Ran across this ad on craigslist.  It is too far away for me to go and fetch, or I would snap it up. It is a late 70's one owner Collegiate 5 speed that looks like it is in great condition. Location is close to St. Louis.

http://stlouis.craigslist.org/bik/5706457570.html


----------



## Schwinn499

I would hold out for the previous years two tone seat model...


----------



## parkrndl

nice, I'd grab that... so '71 is the last year for the two-tone seat? I have a girls' frame '68 in that same brown with a two-tone seat, but the seat seems to have faded to a greenish color (unless it's just that at some point someone swapped on a seat off a green bike)...


----------



## Schwinn499

The seats for the brown ones look an olive green color, not quire brown...i think that last year for the two tone seat on the collegiate was 68...


----------



## momo608

Sigh1961 said:


> Ran across this ad on craigslist.  It is too far away for me to go and fetch, or I would snap it up. It is a late 70's one owner Collegiate 5 speed that looks like it is in great condition. Location is close to St. Louis.
> 
> http://stlouis.craigslist.org/bik/5706457570.html



You can simply copy and paste a photo off wherever, thusly.


----------



## Sigh1961

momo608 said:


> You can simply copy and paste a photo off wherever, thusly.
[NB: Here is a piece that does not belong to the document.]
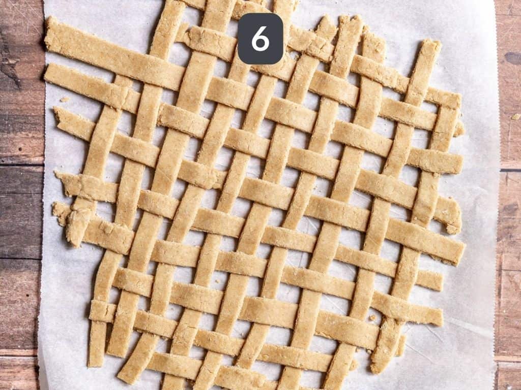 - Shape the strips into a 10"-11" lattice, with the open spaces approximately ½" apart. Press down gently on the places where the crust overlaps to seal the layers together. Set aside. *See post for detailed lattice instructions.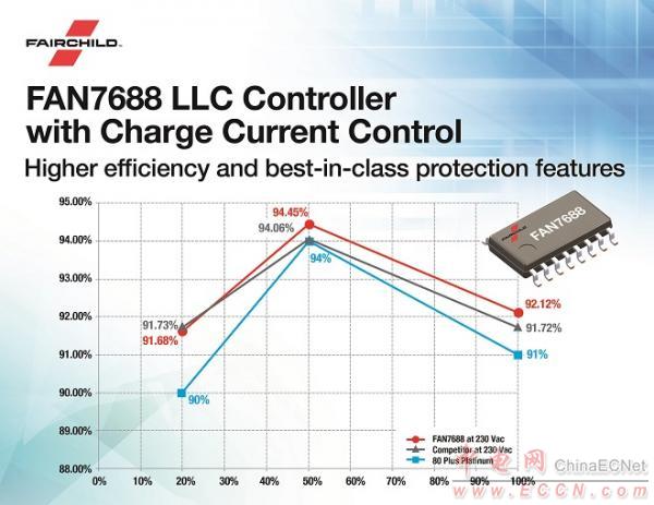 FAN7688采用了Fairchild創(chuàng)新性的充電電流控制技術(shù),能夠獨(dú)一無二地采用電流模式控制,有別于其他傳統(tǒng)LLC解決方案中采用的電壓模式控制。作為業(yè)內(nèi)首款且唯一的帶電流模式控制和同步整流功能的LLC諧振控制器,F(xiàn)AN7688不僅能夠針對(duì)負(fù)載快速變化實(shí)現(xiàn)更精確、更快速的輸出調(diào)節(jié),同時(shí)簡(jiǎn)化了控制回路,與傳統(tǒng)LLC諧振控制器相比,更易設(shè)計(jì)集成到電源系統(tǒng)中。另外,F(xiàn)AN7688的自適應(yīng)雙緣次級(jí)端同步整流控制方法確保了負(fù)載和線路瞬變期間的高可靠性和穩(wěn)定的同步整流操作。

Thanks for the tip.  The guy is offering to meet me halfway for another $50.  What do you guys think? Is it worth it?


----------



## Metacortex

It is well worth $50. If you do end up getting it, by the looks of the angle of the GT-100 derailleur you will want to pay attention to this topic: http://thecabe.com/forum/threads/gt100-adjustment.94712/


----------



## Sigh1961

Metacortex said:


> It is well worth $50. If you do end up getting it, by the looks of the angle of the GT-100 derailleur you will want to pay attention to this topic: http://thecabe.com/forum/threads/gt100-adjustment.94712/



He wants $100 for the bike, and $50 to meet me halfway to deliver it. $150 total plus my gas to drive 180 miles.


----------



## Metacortex

OK that's really not all that bad considering it looks to be all original and with good paint, chrome and decals. If you like the bike I'd say go for it. Personally I'd try to get $25 off ($125 total), but I wouldn't consider that a deal breaker.


----------



## Freqman1

I'd say that's about top dollar--at least where I'm at. If you are buying it to keep and ride maybe not a bad deal. If you are buying to flip I ain't see'n much meat on the bone. V/r Shawn


----------



## SirMike1983

I agree with Shawn-- I think that's at the top end, even for a nice bike. But if the bike fits you, and it's really what you want, then do it. I don't think the price is unreasonable on the face of it, but it is at the top end for that bike.


----------



## schwinnderella

Sigh1961 said:


> He wants $100 for the bike, and $50 to meet me halfway to deliver it. $150 total plus my gas to drive 180 miles.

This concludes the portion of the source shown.